Does meaning vary according to accent? “It does. For the same suffix, different meanings are derivable because of accent differences. So you have the Divine Couple, Jaganmatha and Jagathpitha. How do you show the difference between our parents for all time and our parents in this life alone? Accent helps here. This is how the Vedas are most apt, and this has been fully noted by Panini. “He gave us a conceptual, functional system. You take an example, apply the rules and get clarity about what it means. So the structure is important. The component approach is important.”
Wasn’t there an occasion when the work of a Finnish scholar, who found fault with Panini, was referred to you ? “The Finnish scholar said that Panini was wrong in some rules relating to Vedic grammar. ‘Let Lakaara’ is used only in the Vedas, and Panini wrote five sutras for it. The Finnish scholar felt Panini could have handled this differently. George Cardona, from the University of Pennsylvania, referred him to me. I pointed out that Panini cannot be faulted internally. After all he set out a meta language first. He said this is how I will write my rules. Externally, if you want, write a grammar yourself. Many have tried and no one has been able to better Panini.”
Have you included ‘Let Lakaara’ in your programs? “Yes, I have. ‘Let Lakaara’ is very tough, because 108 forms can be generated theoretically for every root.

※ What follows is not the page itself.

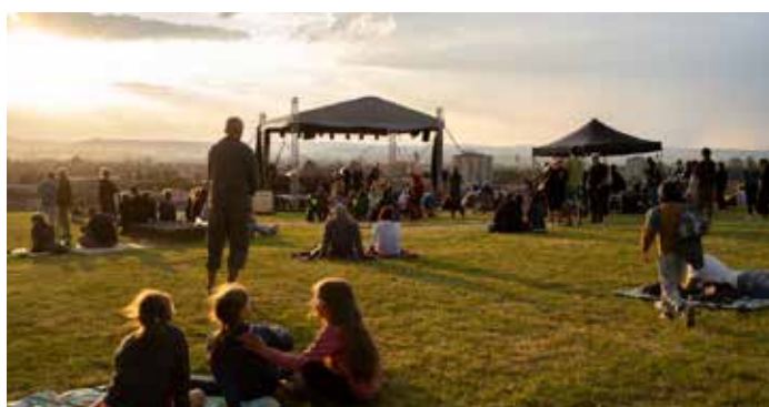
Pohoda na Výšině sv. Metoděje.

N.S. Devanathachariar, Mimamsa Professor in Tirupati, appreciated my work.”
However, Dr. Bachchu Lal Awasthi, a Presidential awardee and a grammarian, felt that only as many forms as occur in the Vedas should be generated. His objection was that one should use the Sutras to understand what existed, but one should not use the Sutra to generate the rest.
When Ramanujan explained that his program was done mainly to show how the rules worked, Dr. Awasthi conceded that Ramanujan did have a point. “This just shows that people can be won over, if we are able to show the purpose of something.”